RUSH: You know, we covered this. We had this story in March in The Limbaugh Letter. Now, here it is May. This is a story from… What’s the Web site? WUSA. This is Channel 9 somewhere. Is this in Washington? I’m not sure. Here’s the headline: “People Are Marrying Themselves, It’s Called ‘Sologamy.‘” Sologamy. I wanted to pronounce it “solo” to get people the root. Sologamy. It’s sologamy. “If the secret to a happy marriage is finding the right person, we can all stop looking. At least, according to ‘sologamists.’
“They’re part of a growing relationship trend, in which people are tying the knot to themselves. Erika Anderson is one of them.” Would you marry you? I don’t know. I’m too selfish to marry myself. I don’t want to share myself with myself. I’m too self-focused. I’m too set in my ways. I wouldn’t want to marry me. ‘”I would describe it as women saying yes to themselves,’ Anderson said. ‘It means that we are enough, even if we are not partnered with someone else.'”
Meaning for Erika Anderson: I don’t need no stinking guy! I got everything I need with me. I am enough. She’s 37 years old, and she’s a “bride.” She actually did marry herself. “In many ways, the 37-year-old bride looked like any other on her wedding day.” She did. She had a wedding day! “She wore a white dress and had a bouquet. Anderson looked stunning with the Brooklyn Bridge and New York City skyline behind her. Except when she walked down the aisle, no one was waiting for her.

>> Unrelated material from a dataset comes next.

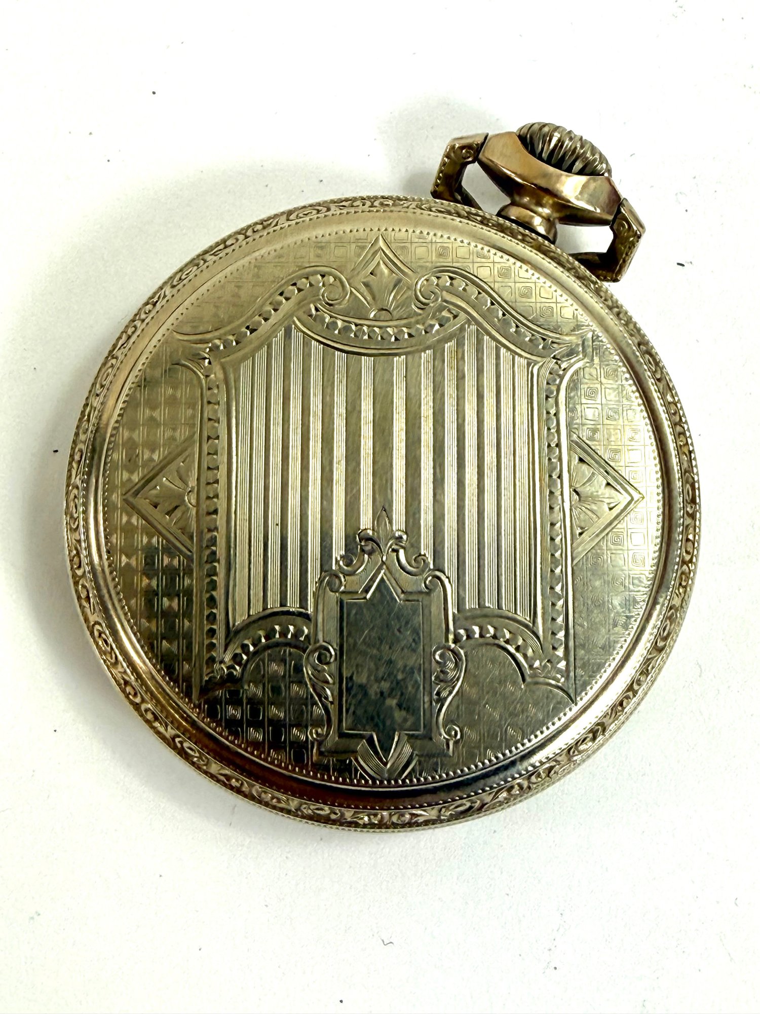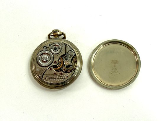 Stamped 14 karat gold filled this 21 jewel pocket watch.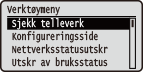 | Du kan vise det totale antallet utskrevne sider og intern systeminformasjon om utskrifter. Når du trykker på  (  ) på betjeningspanelet, vises verktøysskjermen. Du kan angi innstillingene under når maskinen er offline. |

“That’s just the way she wanted it. Anderson said she grew tired of people asking why she was still single. So, in front of family and friends she married herself. Self-marriage…” You think these…? Liberal, conservative? Which do you think she is? “Self-marriage — or sologamy — is growing. Partly because it’s popping up in pop culture, like when an episode of Sex and the City floated the idea. Now, the movement…” By the way, you remember way back…?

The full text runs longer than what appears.